WHAT TO PRODUCE:
Would you please repeat, word for word, only the lines from the one holding "DB_ROLL_PTR找到undo log中的上一版本记录,上一条记录的DB_TRX_ID还是 101,不可见继续找上一条" through the one holding "patoは2017年のサービ" in the material below, without the pictures?

GIVEN DATA:
+++

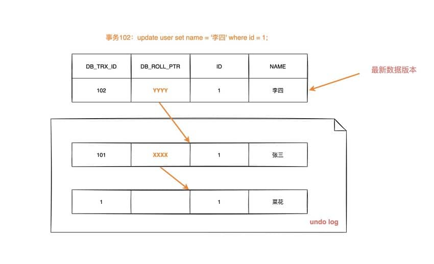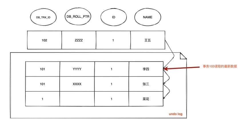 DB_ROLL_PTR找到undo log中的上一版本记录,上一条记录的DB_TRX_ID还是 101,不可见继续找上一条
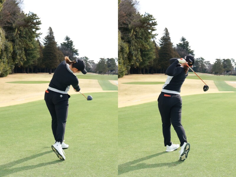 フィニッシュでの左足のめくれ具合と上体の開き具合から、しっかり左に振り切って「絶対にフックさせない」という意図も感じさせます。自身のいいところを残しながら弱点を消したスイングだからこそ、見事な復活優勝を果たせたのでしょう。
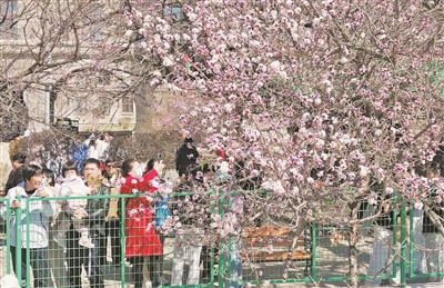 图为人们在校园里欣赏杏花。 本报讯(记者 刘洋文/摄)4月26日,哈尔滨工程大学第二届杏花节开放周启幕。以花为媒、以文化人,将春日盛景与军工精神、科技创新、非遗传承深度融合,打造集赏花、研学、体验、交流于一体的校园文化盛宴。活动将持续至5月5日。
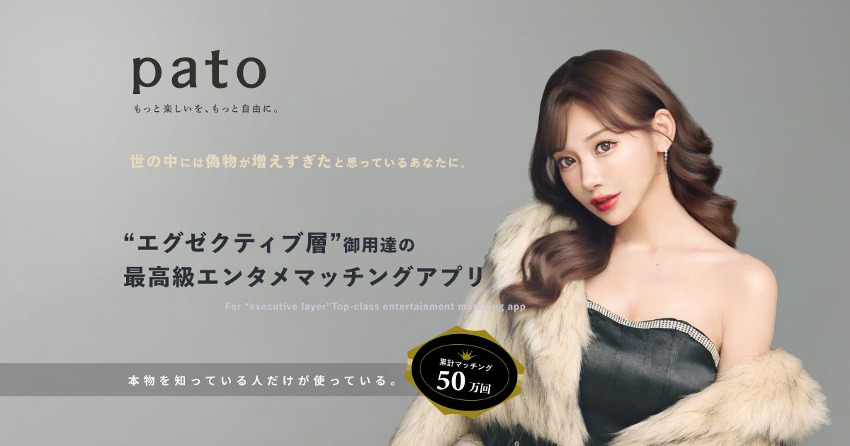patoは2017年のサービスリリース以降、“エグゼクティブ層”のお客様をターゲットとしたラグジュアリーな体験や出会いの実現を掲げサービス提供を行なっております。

+++

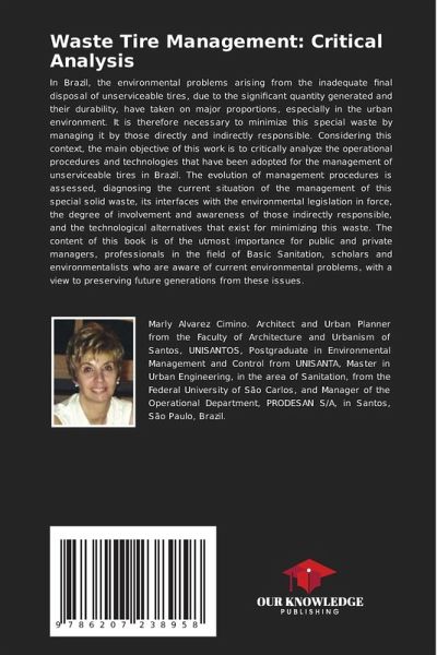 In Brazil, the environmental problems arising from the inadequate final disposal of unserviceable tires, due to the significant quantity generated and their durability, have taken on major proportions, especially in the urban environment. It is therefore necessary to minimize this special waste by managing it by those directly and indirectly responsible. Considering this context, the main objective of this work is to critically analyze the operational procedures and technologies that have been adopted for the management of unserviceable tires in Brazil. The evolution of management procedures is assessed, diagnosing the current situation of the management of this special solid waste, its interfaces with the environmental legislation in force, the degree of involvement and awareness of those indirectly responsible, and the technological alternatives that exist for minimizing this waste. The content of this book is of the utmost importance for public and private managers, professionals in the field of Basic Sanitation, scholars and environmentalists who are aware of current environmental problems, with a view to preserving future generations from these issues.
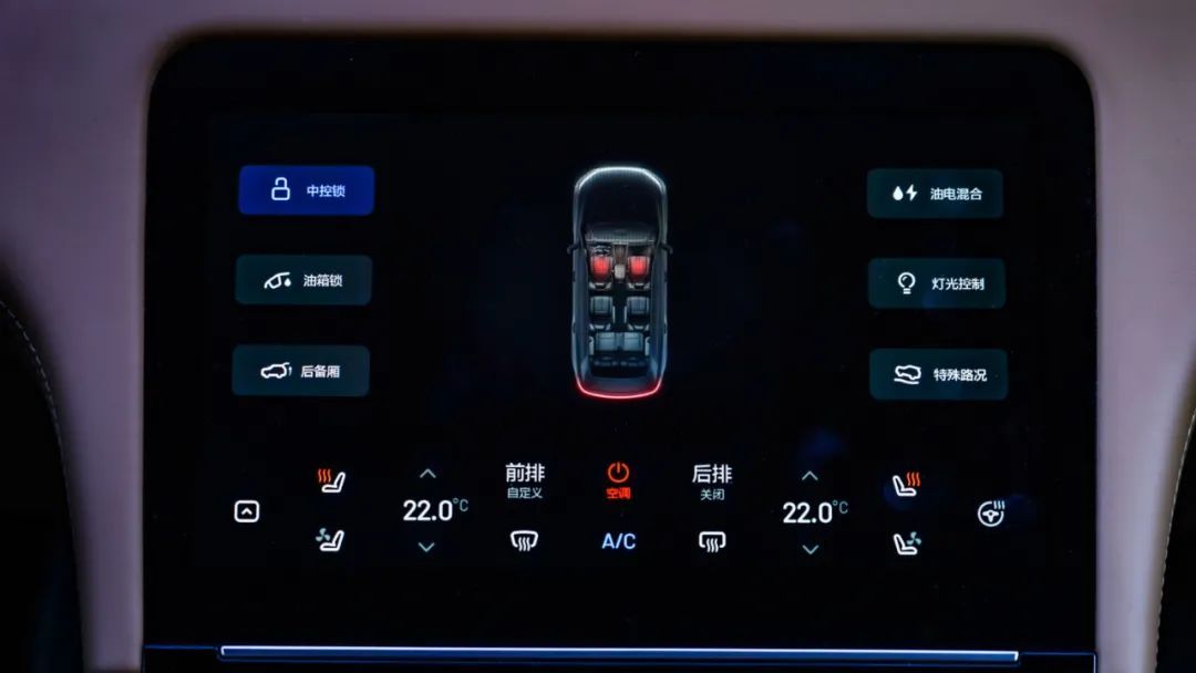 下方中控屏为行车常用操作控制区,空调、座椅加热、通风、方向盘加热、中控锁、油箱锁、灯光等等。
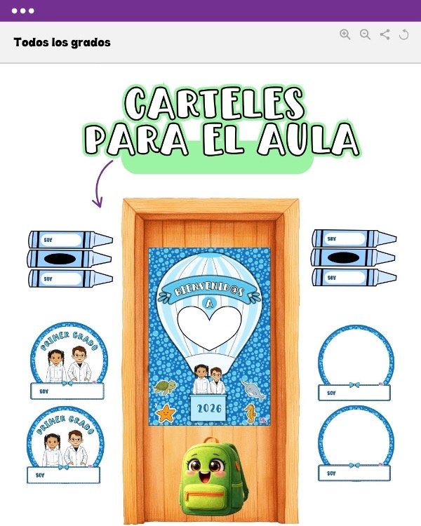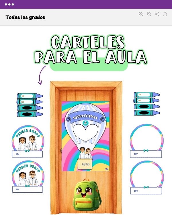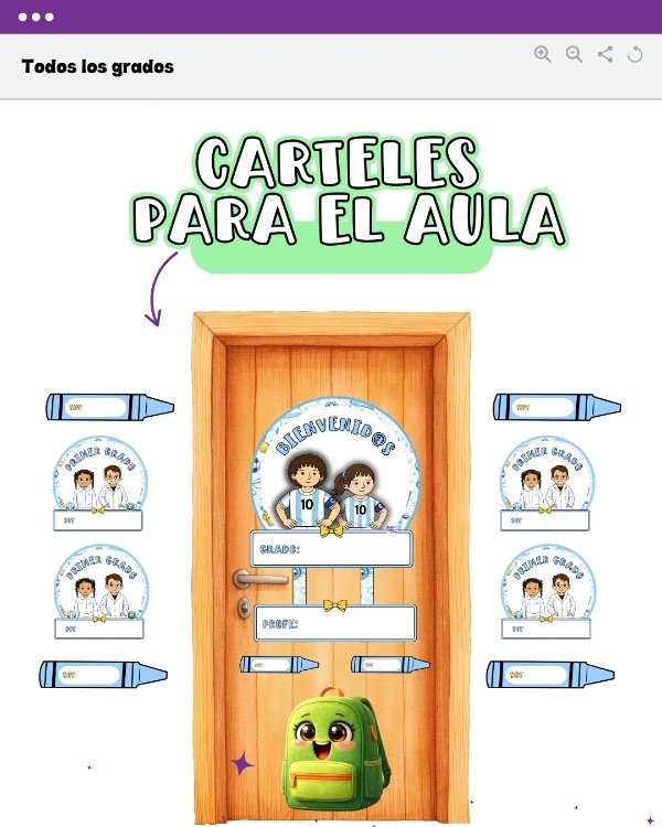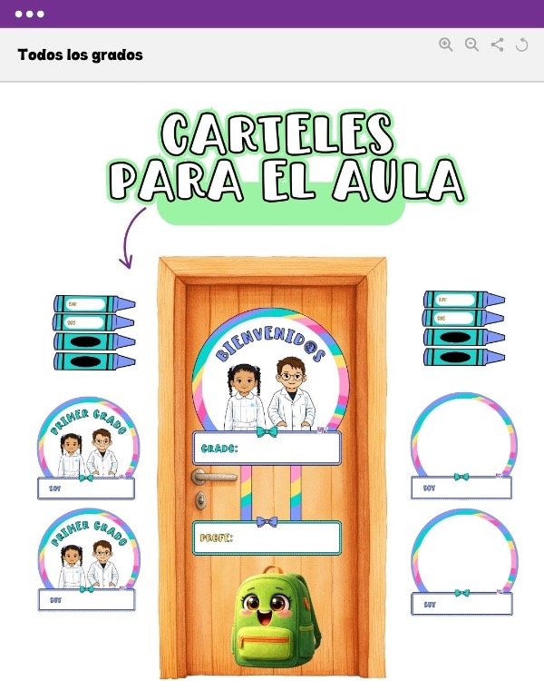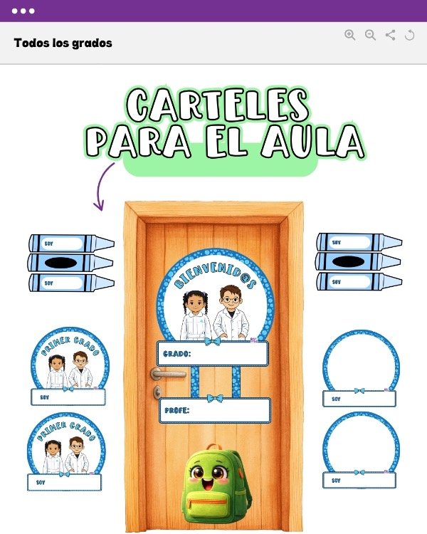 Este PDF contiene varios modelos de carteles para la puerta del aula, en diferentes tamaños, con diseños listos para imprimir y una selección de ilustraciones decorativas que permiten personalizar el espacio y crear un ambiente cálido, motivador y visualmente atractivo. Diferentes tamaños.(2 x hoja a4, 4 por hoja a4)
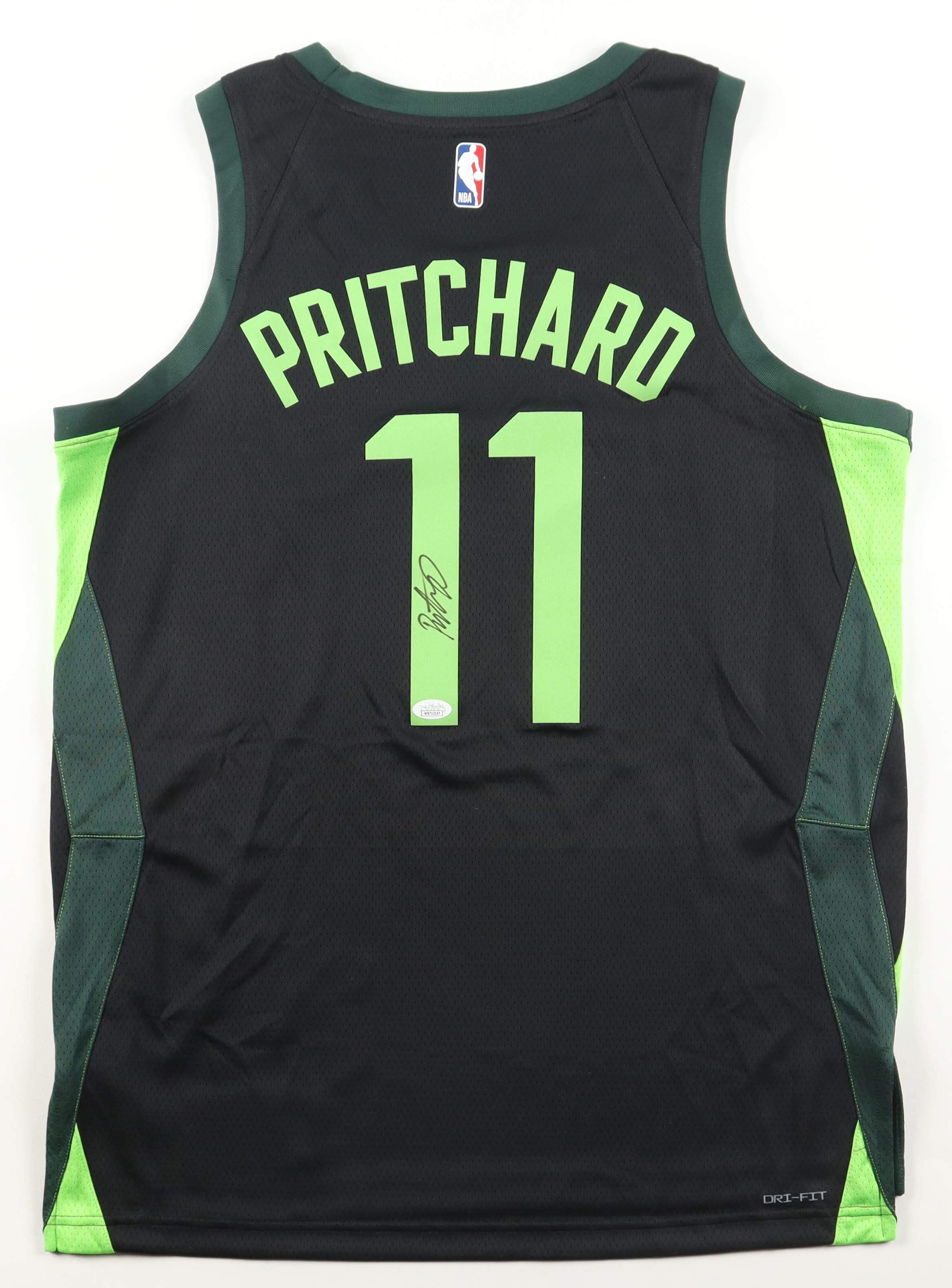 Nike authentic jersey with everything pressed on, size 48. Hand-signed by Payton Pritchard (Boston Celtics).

+++

TASK OUTPUT:
 DB_ROLL_PTR找到undo log中的上一版本记录,上一条记录的DB_TRX_ID还是 101,不可见继续找上一条
 フィニッシュでの左足のめくれ具合と上体の開き具合から、しっかり左に振り切って「絶対にフックさせない」という意図も感じさせます。自身のいいところを残しながら弱点を消したスイングだからこそ、見事な復活優勝を果たせたのでしょう。
 图为人们在校园里欣赏杏花。 本报讯(记者 刘洋文/摄)4月26日,哈尔滨工程大学第二届杏花节开放周启幕。以花为媒、以文化人,将春日盛景与军工精神、科技创新、非遗传承深度融合,打造集赏花、研学、体验、交流于一体的校园文化盛宴。活动将持续至5月5日。
patoは2017年のサービスリリース以降、“エグゼクティブ層”のお客様をターゲットとしたラグジュアリーな体験や出会いの実現を掲げサービス提供を行なっております。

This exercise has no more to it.